Merrill Employees Seek Overtime Pay for Vetting Brokers’ E-Mails
Merrill Lynch is violating federal and state labor laws by failing to pay overtime to over 50 compliance employees who review emails for the firm’s retail brokers, according to a class-action claim filed Tuesday in the U.S. District Court of New Jersey.
Jennifer Porter, an e-mail reviewer for 17 years at Merrill’s Central Business Review Unit in Pennington, NJ, said the firm has knowingly classified her and colleagues as exempt from receiving overtime pay since Bank of America bought the broker-dealer in 2009.
E-mail reviewers are entitled to 1.5 times their hourly pay rate because they do not manage other employees or direct any business divisions, and do not qualify for “administrative” or “supervisory” exemptions, according to Mitchell Schley, a lawyer in East Brunswick, New Jersey, representing the plaintiffs.
“It’s a grueling job, and they work a lot of hours because they’re expected to have all e-mails checked by the end of the day,” Schley said.
The action is the latest in a long history of cases in which securities industry employees have battled firms’ arguments that they do not have to pay overtime to “exempt” executive, administrative or so-called professional workers who hit minimum pay levels.
Smith Barney reached a $98 million settlement with brokers in 2006 after arguing that salespeople are exempt from the Fair Labor Standards Act, and current and former Merrill client associates collected $89,000 from Merrill and Bank of America in a May settlement after suing them in August 2016 for more than $5 million.
The latest suit alleges that Merrill had classified e-mail reviewers as non-exempt employees entitled to overtime pay until its acquisition by Bank of America. The change was unlawful and made “pursuant to a policy, plan, or practice of minimizing labor costs and denying employees compensation,” the complaint said.
Porter was the second most tenured e-mail reviewer at Merrill when she left the firm in April, it said.
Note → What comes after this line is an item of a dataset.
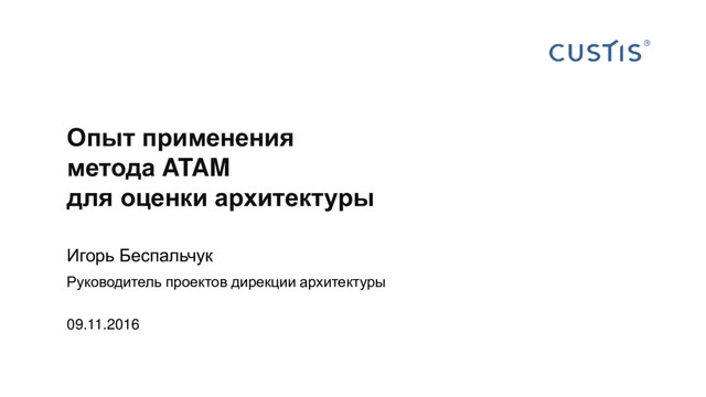 того, как сам наступил на грабли) В том числе вдаваться в детали, читать книги, учиться, потому что поверхностного понимания может не хватить для результата Оценка архитектуры — необходимый хотя бы в малом объеме элемент процесса проектирования (если вообще применяется архитектурный подход) ATAM во многих аспектах лучше «самоделки» CUSTIS (с другими технологиями и методологиями обычно происходит то же самое) Хотя это, конечно, не панацея и не серебряная пуля, никакого волшебства. И не покрывает всех аспектов В чистом виде ATAM (как любой метод) малоприменим (тяжеловат) Но если подойти с пониманием, разобрать и пересобрать под ситуацию конкретного проекта, то принесет большой и приемлемый по затратам (окупаемый вдолгую) профит

She is seeking an unspecified amount of wages for the hours she and her colleagues worked beyond the 40-hour workweek, in addition to interest, injunctive relief and attorney’s’ fees and costs, according to the complaint.
A spokesman for Merrill Lynch declined to comment.
E-mail reviewers’ standard work day ran from 8:30 am to 5:30 pm, but they routinely work later into the day or remotely from home to meet the requirements of their jobs, the lawsuit alleges.
“Mondays were particularly demanding because FAs routinely sent emails to customers on Friday and over the weekend,” it said. “Management expected all of those emails to be reviewed by the end of Monday.”
The lawsuit gives some insight into the nature of reviewers’ jobs.
In addition to reviewing brokers’ electronic messages to customers and prospects that have been flagged by Merrill’s automated Autonomy review system and weeding out false positives, e-mail reviewers parse unflagged communications at random for potential violations, according to the lawsuit.
They are trained to give attention to any e-mail containing customer account information such as social security numbers, personal data such as birth dates, customer complaints, “guarantees” by brokers of investment returns, vulgar language, ethnic slurs and pornographic material and material marked as “For Internal Use Only,” the lawsuit said.